Uber said it has struck a deal with an investor group that could be worth as much as $10 billion and paves the way for the ride-sharing company to go public in 2019.
According to the Los Angeles Times, the investors, who are led by Japanese conglomerate SoftBank and hedge fund Dragoneer Investment Group, would buy $1 billion to $1.25 billion worth of new shares issued by Uber at its current valuation of about $69 billion.
The group also would make a tender offer — expected in about two weeks — to buy about 14% of existing shares from current investors at a price that has yet to be determined.
Uber’s board has also agreed to make various governance changes after the deal closes and committed to go public in 2019.

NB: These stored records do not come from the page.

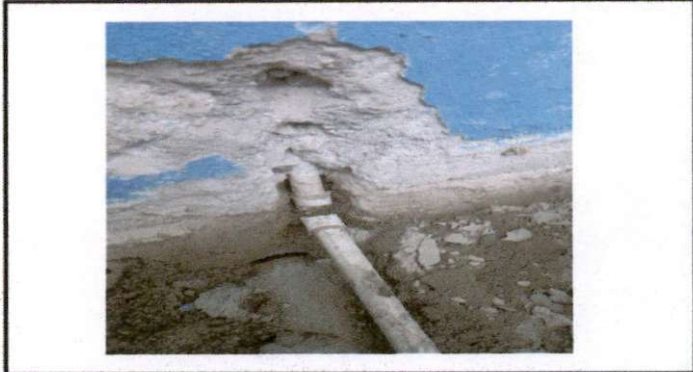
SUSTITUCION DE TUBERIA PRINCIPAL ( RED DE AGUA POTABLE)
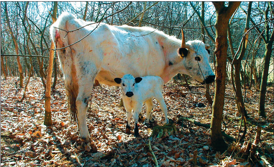
Fig. 2 Zum Konzept der Landschaftsentwicklung des AÖZA gehört auch eine extensive Beweidung mit für die Jungsteinzeit nachgewiesenen Nutztierassen wie Rindern, die in Form der robusten Englischen Parkrinder im Freigelände, darunter auch in Teilbereichen des Waldes, gehalten werden. ■
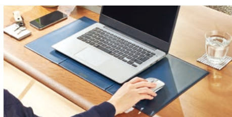
マウスパッドとしても使用できます。
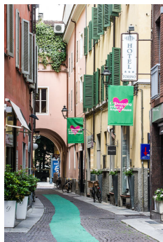
Hotel Torino - Parma www.hotel-torino.it
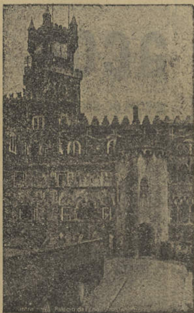
Palácio da Pena — SINTRA

O «Noticias do Algarve» vende-se em Olhão, na Livraria Capela, Rua do Comércio.
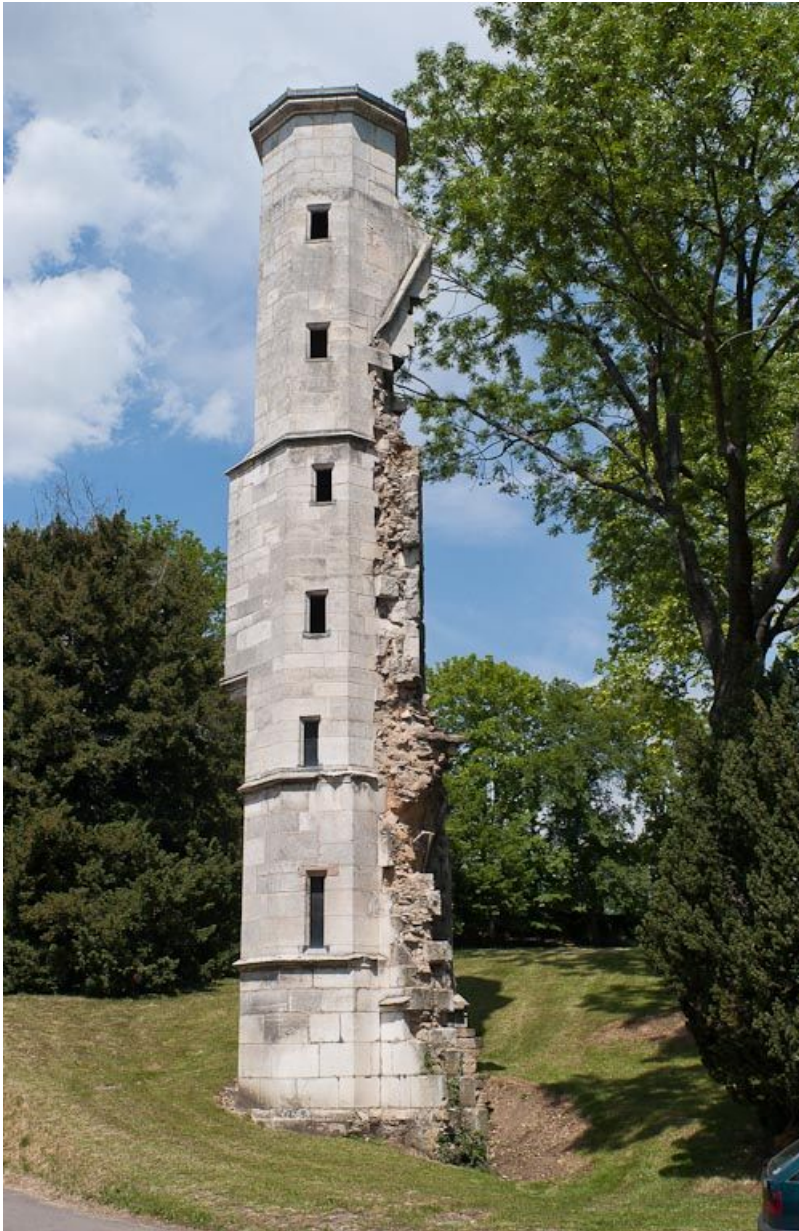
Tourelle d'escalier de l'oratoire ducal.

“We believe this agreement is a strong vote of confidence in Uber’s long-term potential,” Uber said Sunday in a statement. “Upon closing, it will help fuel our investments in technology and our continued expansion at home and abroad, while strengthening our corporate governance.”

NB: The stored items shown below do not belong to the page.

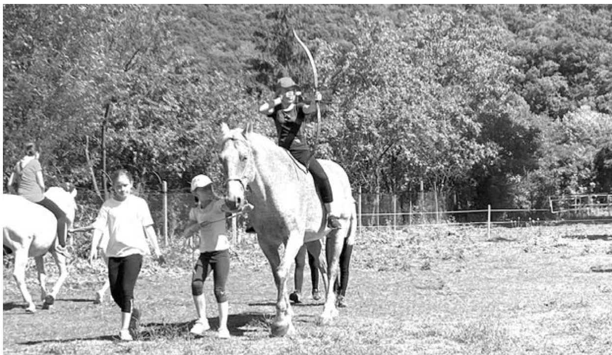
Szombatig mindenkinek kell tudnia lovagolni és lóról lóni
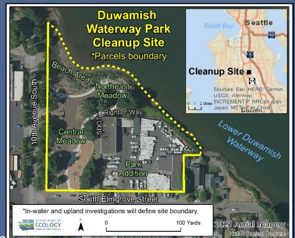
Mapa aéreo del sitio de limpieza de Duwamish Waterway Park, 2021

Para solicitar una adaptación de la ADA, comuníquese con Ecología por teléfono al 425-324-5901 o envíe un correo electrónico LDW@ecy.wa.gov , o visite ecology.wa.gov/Accessibility . Para servicio de retransmisión o TTY, llame al 711 o al 877-833-6341.
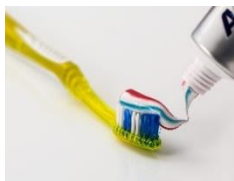
5. Zobu pasta
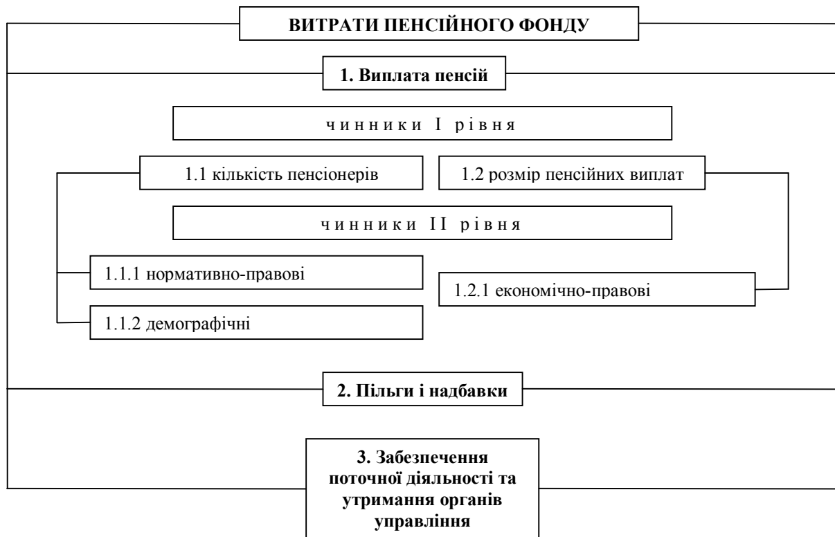
Рисунок 2 – Структурно-логічна факторна модель залежності величини витрат від впливу різних чинників

Враховуючи те, що найбільш вагомими витратами у загальних витратах Пенсійного фонду є витрати на виплату пенсій основну увагу під час дослідження приділимо саме цій складовій.
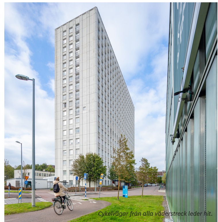
Cykelvägar från alla väderstreck leder hit.
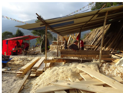
Les menuisiers à l'oeuvre
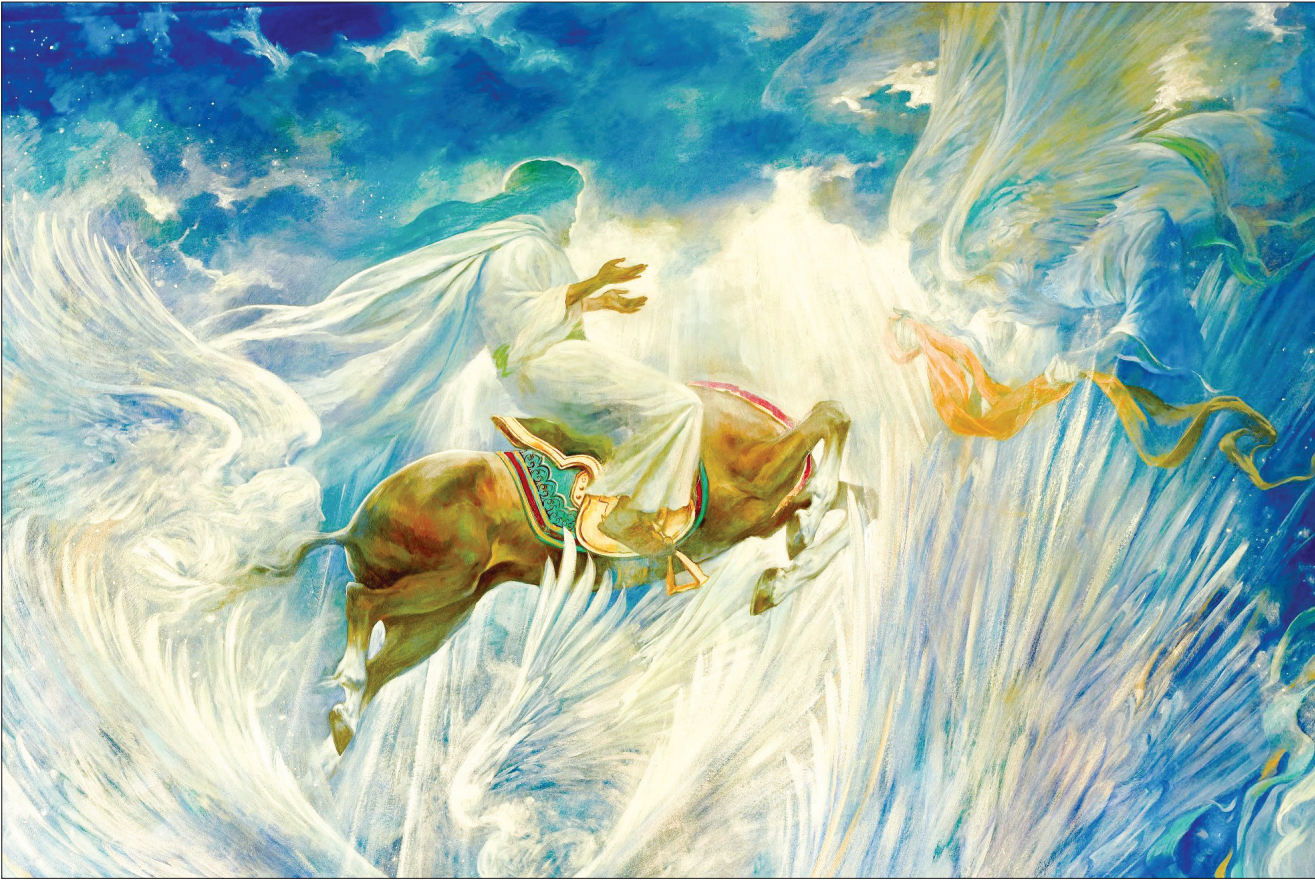
محمد رسول الله (ص) - اثر حسن روح‌الدین

روایت ولادت و روزهای آغازین حیات مبارک حضرت ختمی مرتبت
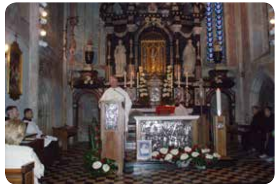
o. Anto Knežević, OCD, predvodi misno slavlje u svetištu
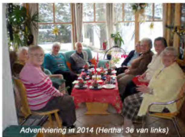
Adventviering in 2014 (Hertha: 3e van links)

Uw woord is een lamp voor mijn voet en een licht op mijn pad.
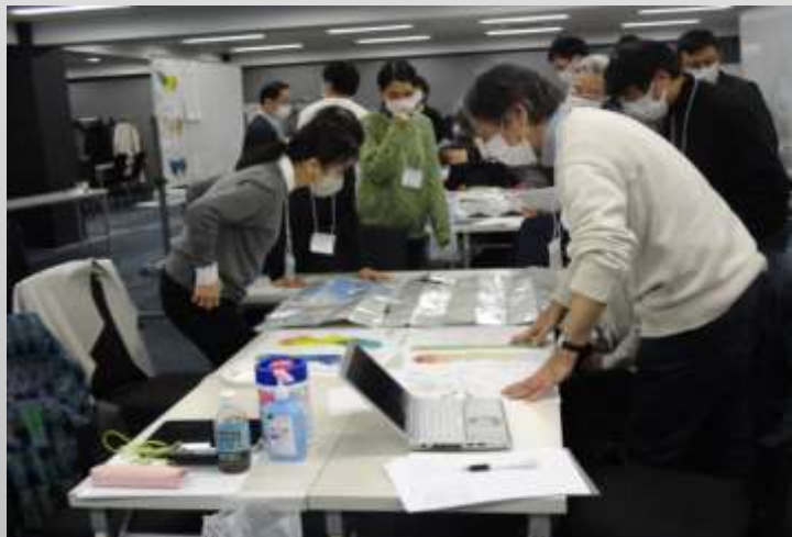
都災害想定に基づき被災状況を分析
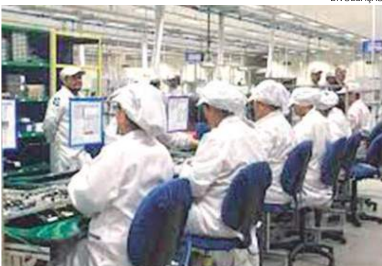
O Amazonas teve a maior queda entre os locais pesquisados

Amazonas teve a maior queda em janeiro (-13,0%), na comparação com dezembro, entre os lugares pesquisados. Na comparação com janeiro do ano passado, houve queda de 4,1% na produção industrial do Estado. Já no percentual acumulado dos últimos 12 meses, a indústria amazonense apresenta crescimento de 7,1%. As informações são do IBGE.
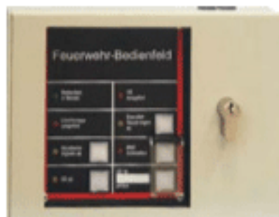
VdS-Nr. G 299034

Feuerwehr-Bedienfeld nach DIN 14661 universell anschaltbar
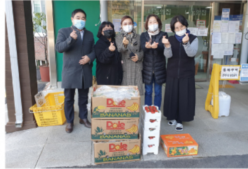
2021. 12. 23 새충주로타리 배우자회(미지회) 후원물품 전달

Under its founder and chief executive, Masayoshi Son, Softbank has moved aggressively to invest in overseas companies across different categories. It acquired Sprint in 2013 for $20 billion and invested $4.4 billion in New York commercial real estate startup WeWork in August.
Uber is currently the most highly valued startup in the world. “Though Uber lost $3 billion last year and continues to lose money, the company is one of the most closely watched IPO candidates,” Business Insider said.
Former Uber CEO Travis Kalanick, who is still a board member, had tried to put off an IPO as long as possible but he resigned in June after a string of controversies. His successor, Dara Khosrowshahi, said last week that Uber’s target is to go public in 2019.
“We have all of the disadvantages of being a public company as far as a spotlight on us, without any of the advantages of being a public company,” he said. So Travis and the whole board now agree that we should just go public.”